Privacy Legislation and CEMs
Privacy legislation exists throughout Canada. It prevents anyone from using personal information without consent. “Commercial electronic messages” (emails) may not be sent to persons without consent. Corporations need to publish privacy policies and have a privacy officer. Particularly sensitive information includes medical history, banking and financial transactions. Sometimes a consent form can be included in an initial information form.

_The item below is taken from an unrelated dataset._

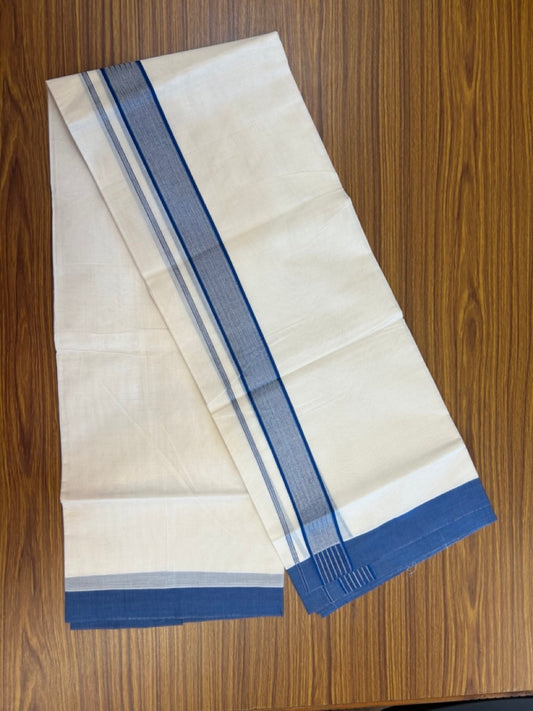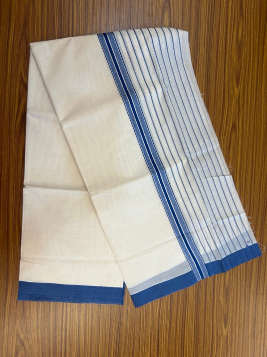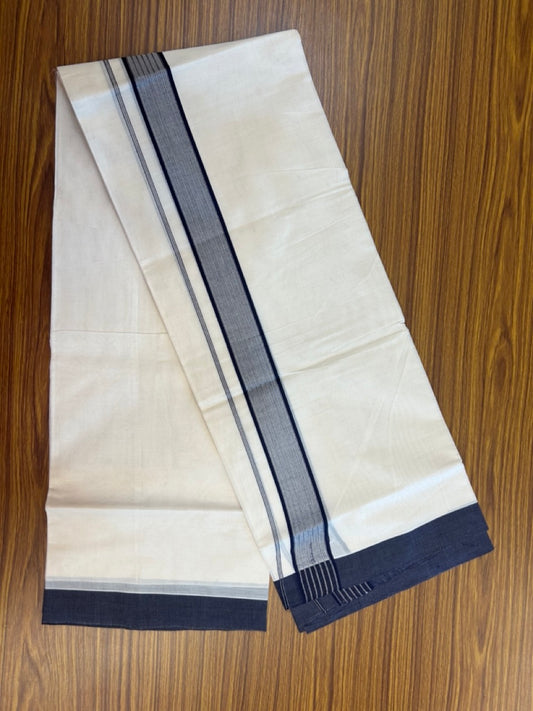 20% Discount! KaithariKada Balaramapuram Pure Cotton Double Off White Mundu/Dhoti - 100x80 - 1.75 Inch Silver Kasav & Navy Blue Stripes Kara 4 mtr (8.5 Muzham) - 25 KK5284 PMC

It is important for a franchisor expanding its system to Canada to engage the services of a Canadian lawyer well-experienced and current in the franchise laws of Canadian provinces and the preparation of the documents mentioned, as well as trademark registration.
PLEASE NOTE: This paper is not to be taken as actual legal advice. It only provides an overview of some of the more important details of expanding a franchise system to Canada. Legal advice will only be given pursuant to a formal engagement letter providing for advice and documents to be prepared for a specific franchise system.
 Statistics provided in CFA’s 2018 Policy Briefing.